_WORK TO BE COMPLETED_
The lines below from the one with "- CHUNKY BANGLE" up to and including the one with "- Großes Studio" are what you should set down, exactly and without pictures.

_DATA_

···

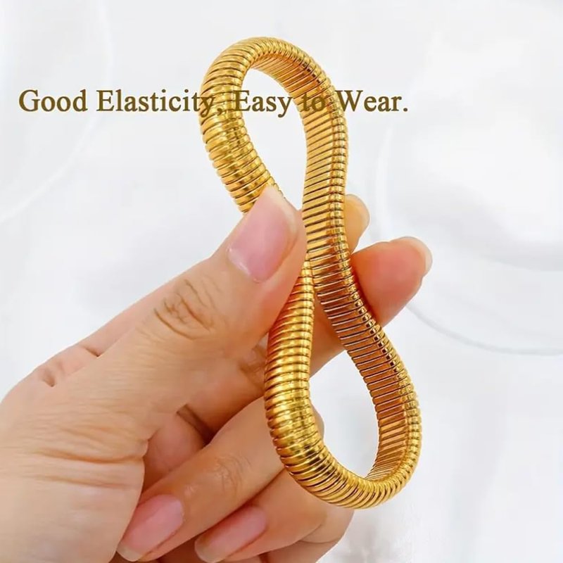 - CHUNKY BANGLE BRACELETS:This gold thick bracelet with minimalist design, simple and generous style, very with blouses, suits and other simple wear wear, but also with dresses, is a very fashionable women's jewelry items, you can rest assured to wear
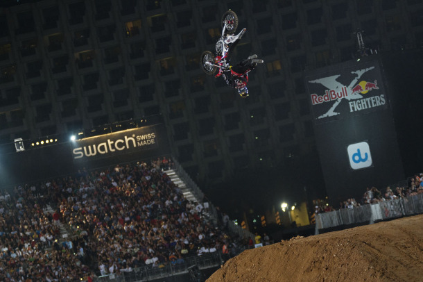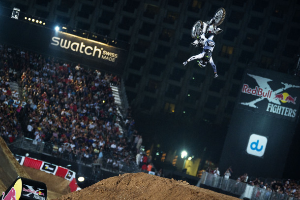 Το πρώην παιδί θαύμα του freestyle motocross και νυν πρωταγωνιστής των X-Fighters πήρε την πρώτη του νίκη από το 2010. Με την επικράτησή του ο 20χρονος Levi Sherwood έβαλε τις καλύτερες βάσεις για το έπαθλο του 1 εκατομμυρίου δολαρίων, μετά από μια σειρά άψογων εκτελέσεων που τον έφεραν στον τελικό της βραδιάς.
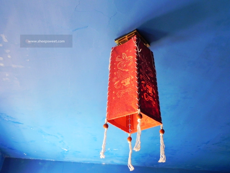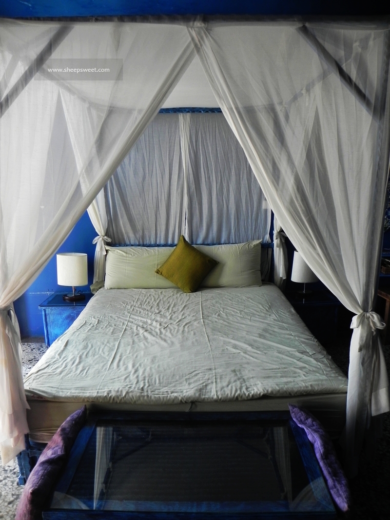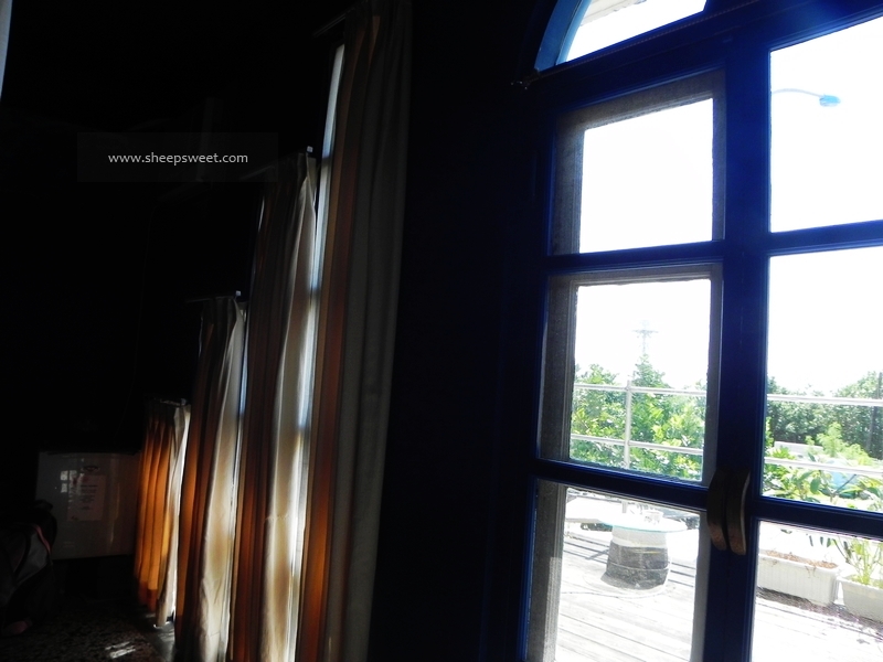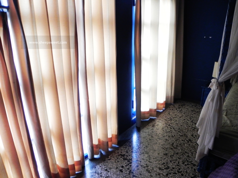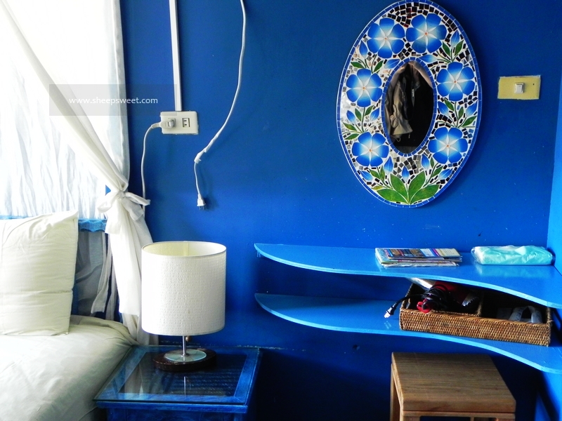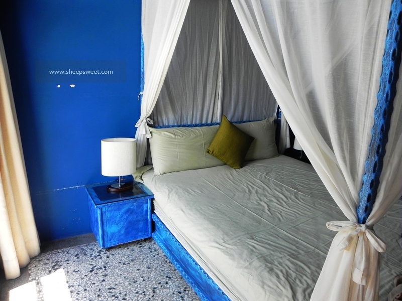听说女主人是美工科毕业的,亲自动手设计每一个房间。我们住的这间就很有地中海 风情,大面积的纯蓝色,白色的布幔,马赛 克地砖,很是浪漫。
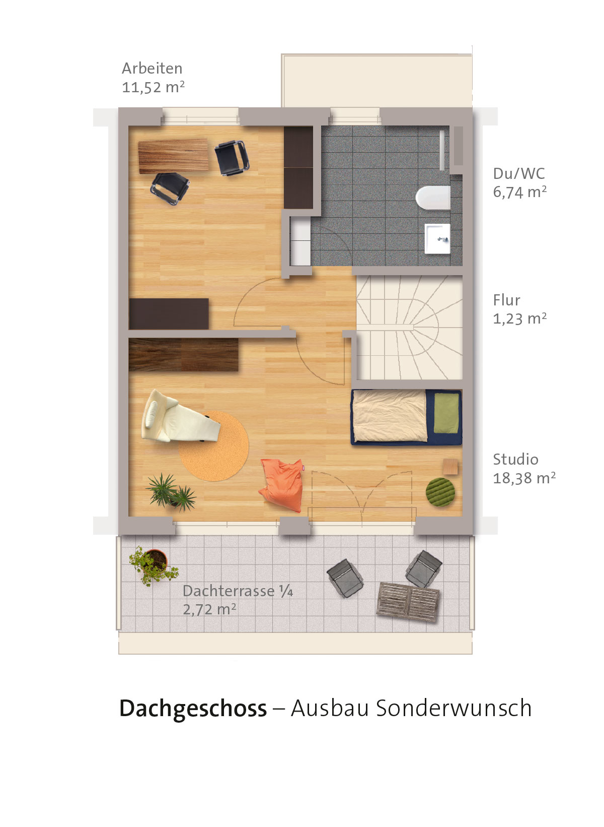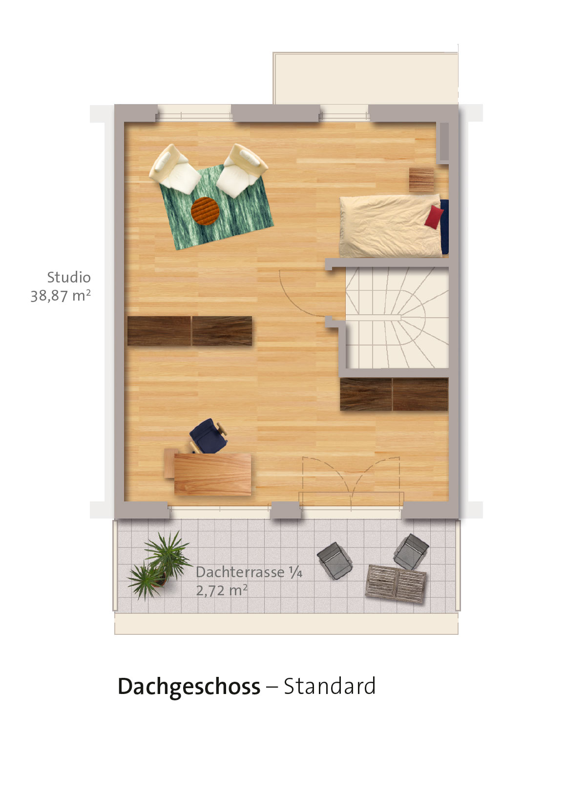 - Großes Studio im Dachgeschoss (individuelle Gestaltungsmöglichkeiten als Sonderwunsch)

···

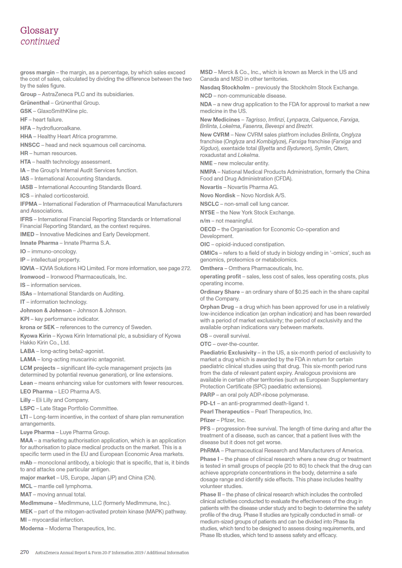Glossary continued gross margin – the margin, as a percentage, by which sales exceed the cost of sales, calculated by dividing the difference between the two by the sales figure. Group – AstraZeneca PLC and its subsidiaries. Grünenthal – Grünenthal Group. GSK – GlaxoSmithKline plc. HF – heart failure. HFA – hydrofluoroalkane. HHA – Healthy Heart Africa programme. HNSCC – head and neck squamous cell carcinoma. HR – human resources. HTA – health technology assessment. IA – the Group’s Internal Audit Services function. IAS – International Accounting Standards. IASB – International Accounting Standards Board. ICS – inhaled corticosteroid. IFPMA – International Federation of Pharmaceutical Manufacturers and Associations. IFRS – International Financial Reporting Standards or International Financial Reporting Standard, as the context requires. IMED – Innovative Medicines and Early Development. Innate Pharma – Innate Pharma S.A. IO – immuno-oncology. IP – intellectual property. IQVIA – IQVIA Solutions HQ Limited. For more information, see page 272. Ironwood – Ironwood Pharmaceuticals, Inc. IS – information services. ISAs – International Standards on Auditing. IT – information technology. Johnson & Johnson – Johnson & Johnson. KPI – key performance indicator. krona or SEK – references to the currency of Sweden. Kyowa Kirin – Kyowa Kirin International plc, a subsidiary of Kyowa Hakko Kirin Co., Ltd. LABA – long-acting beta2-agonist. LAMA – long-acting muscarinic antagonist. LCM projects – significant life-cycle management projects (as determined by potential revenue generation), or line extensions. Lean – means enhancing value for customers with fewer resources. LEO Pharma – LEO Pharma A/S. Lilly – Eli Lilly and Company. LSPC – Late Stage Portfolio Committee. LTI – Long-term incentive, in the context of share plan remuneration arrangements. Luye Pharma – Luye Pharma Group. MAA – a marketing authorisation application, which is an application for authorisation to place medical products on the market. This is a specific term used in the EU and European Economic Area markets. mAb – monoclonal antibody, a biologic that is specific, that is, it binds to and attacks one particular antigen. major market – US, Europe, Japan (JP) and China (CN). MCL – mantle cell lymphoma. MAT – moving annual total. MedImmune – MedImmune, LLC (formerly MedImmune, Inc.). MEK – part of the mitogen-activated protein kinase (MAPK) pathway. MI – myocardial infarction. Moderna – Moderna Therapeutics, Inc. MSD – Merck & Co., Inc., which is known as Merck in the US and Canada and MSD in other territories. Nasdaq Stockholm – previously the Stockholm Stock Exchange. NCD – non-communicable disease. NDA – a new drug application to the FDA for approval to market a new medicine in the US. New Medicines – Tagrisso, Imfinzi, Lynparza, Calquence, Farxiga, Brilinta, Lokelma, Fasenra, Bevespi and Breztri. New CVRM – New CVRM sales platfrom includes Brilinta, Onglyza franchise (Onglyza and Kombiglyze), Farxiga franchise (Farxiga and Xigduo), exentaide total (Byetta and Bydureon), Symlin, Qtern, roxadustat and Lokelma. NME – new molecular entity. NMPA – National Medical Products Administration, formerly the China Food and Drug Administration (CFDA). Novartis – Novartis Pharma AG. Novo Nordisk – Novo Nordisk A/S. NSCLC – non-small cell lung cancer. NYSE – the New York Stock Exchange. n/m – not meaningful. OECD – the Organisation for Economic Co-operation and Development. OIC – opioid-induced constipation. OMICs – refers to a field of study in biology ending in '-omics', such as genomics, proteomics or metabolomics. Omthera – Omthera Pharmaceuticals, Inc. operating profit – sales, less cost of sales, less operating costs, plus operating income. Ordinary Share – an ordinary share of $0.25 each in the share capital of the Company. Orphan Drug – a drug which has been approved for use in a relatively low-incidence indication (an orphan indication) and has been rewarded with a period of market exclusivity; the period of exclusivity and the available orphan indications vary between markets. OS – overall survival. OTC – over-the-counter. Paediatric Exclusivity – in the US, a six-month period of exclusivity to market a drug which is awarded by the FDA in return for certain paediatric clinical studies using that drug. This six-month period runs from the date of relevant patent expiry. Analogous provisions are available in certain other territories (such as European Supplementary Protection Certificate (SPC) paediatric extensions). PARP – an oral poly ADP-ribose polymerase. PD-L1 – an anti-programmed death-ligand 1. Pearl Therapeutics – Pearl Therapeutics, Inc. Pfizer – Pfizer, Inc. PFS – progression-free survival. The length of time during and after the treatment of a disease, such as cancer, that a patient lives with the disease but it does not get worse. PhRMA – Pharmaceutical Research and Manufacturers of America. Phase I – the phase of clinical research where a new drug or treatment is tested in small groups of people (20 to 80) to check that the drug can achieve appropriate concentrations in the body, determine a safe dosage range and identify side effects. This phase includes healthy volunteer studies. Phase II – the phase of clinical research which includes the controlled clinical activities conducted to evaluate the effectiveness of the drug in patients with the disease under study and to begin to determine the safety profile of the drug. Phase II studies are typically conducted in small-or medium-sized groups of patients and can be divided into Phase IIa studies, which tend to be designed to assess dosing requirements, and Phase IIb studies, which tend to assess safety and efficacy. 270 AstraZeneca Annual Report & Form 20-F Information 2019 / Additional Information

···

_TASK ANSWER_
 - CHUNKY BANGLE BRACELETS:This gold thick bracelet with minimalist design, simple and generous style, very with blouses, suits and other simple wear wear, but also with dresses, is a very fashionable women's jewelry items, you can rest assured to wear
 Το πρώην παιδί θαύμα του freestyle motocross και νυν πρωταγωνιστής των X-Fighters πήρε την πρώτη του νίκη από το 2010. Με την επικράτησή του ο 20χρονος Levi Sherwood έβαλε τις καλύτερες βάσεις για το έπαθλο του 1 εκατομμυρίου δολαρίων, μετά από μια σειρά άψογων εκτελέσεων που τον έφεραν στον τελικό της βραδιάς.
听说女主人是美工科毕业的,亲自动手设计每一个房间。我们住的这间就很有地中海 风情,大面积的纯蓝色,白色的布幔,马赛 克地砖,很是浪漫。
 - Großes Studio im Dachgeschoss (individuelle Gestaltungsmöglichkeiten als Sonderwunsch)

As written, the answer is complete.